Читаем Рассказ синего лягушонка полностью

Все это были простодушные существа, то ли перворожденные, то ли уже посетившие мир в виде животных или растений, ни один не скрывал в себе грустной тайны человека.

Быть может, поэтому и не завязывалось отношений. Да нам никто не был нужен.

Нет большего счастья, чем быть с тем, кого любишь. Ощущение друг друга, когда оно такое сильное, как у нас, до краев заполняет время. К тому же теперь мы были погружены в природу; ее музыка, ее живопись, ее книга, которую не дочитать до конца, куда увлекательнее копий, создаваемых людьми. Чтобы по-настоящему оценить природу, надо беспрерывно находиться в ней, тогда ты не просто гость и наблюдатель. ты от нее зависишь. Ты обязан угадывать, что в ней зреет, иначе она застанет тебя врасплох. Тепло и холод, дождь и вёдро, ветер и снег, град и утренник -- даже для городских жителей это немало значит, а что же говорить о нас, не защищенных стенами и крышей, прикрытых лишь тем, что нам дала природа, а дала она кому теплый мех, кому тонкую кожицу, но в утешение - дар спасительной зимней смерти; впрочем, медведь в своей дохе тоже должен на зиму умирать, иначе станет шатуном и сойдет с ума от голода.

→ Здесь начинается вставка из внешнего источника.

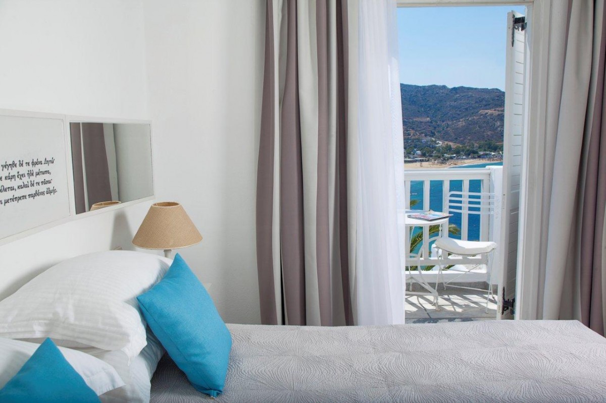Situated on the upper level of the hotel and offering side sea view to the bright blue of the sandy beach of Mylopotas, Double Rooms are your perfect starting point from which you can explore the beauties of Ios. White in abundance is only interrupted by splashes of Aegean colours, making you feel totally connected to the island lifestyle. Also, the lyrics of Homer covering your rooms’ walls make you come closer to the local culture. Double Rooms constitute of one double or twin beds, one bathroom with shower cabin and a balcony with restricted sea view.

Это как бы деловая жизнь в природе, служащая самосохранению, а куда как огромно пространство бескорыстной радости от соучастия в суете естественного мира. Каждое живое существо - часть природы, лишь человек противопо-ставил себя ей, и в этом его проклятие. Мне трудно судить о качестве ощущения природы теми, у кого зачаточное сознание, во мне оставалось слишком много человеческого. Да все во мне было человеческое, кроме физической структуры, что, впрочем, немало. И это человеческое, с одной стороны, обостряло чувство естественной жизни, с другой - мешало слиться с ней. Наш - мой и Алисин - взгляд на окру-жающее был все-таки взглядом со стороны. Но с некоторых пор мне стало казаться, что мы дружно и благостно глупеем, и это делало нас более свойскими в мире, поющем песню без слов.

У нас были свои любимые цветы, травы и молодые деревца, за ростом и развитием которых мм следили, свои заветные места в лесу, где собиралось много мелкой жизни и на пространстве с медный пятачок творились шекспировские страсти. Нет ничего интереснее любовных утех насекомых. Тут все чудо. Ухаживание - галантный восемнадцатый век не создавал таких шедевров изящества, грациозности, жеманства и утонченности, какой являет пара флиртующих кузнечиков; а как изысканно-нервно соблазняет стрекозиный кавалер свою разборчивую даму! Но еще удивительнее - апофеоз любви. Японские эротические альбомы - вершина назидательной порнографии - ничему не могли бы научить этих специалистов. Признаюсь, меня порой шокировало, когда две одушевленные прочищалки для примуса или бельевые защепки начинали предаваться своим чудовищным ласкам на глазах у Алисы. По счастью, она только вдаль хорошо видела. Если брать природу за нравственный образец, кодекс приличий должен стать куда снисходительней. А ведь это мудро: естественный мир законно стремится извлечь максимум удовольствия из той премии, которая положена за продолжение рода.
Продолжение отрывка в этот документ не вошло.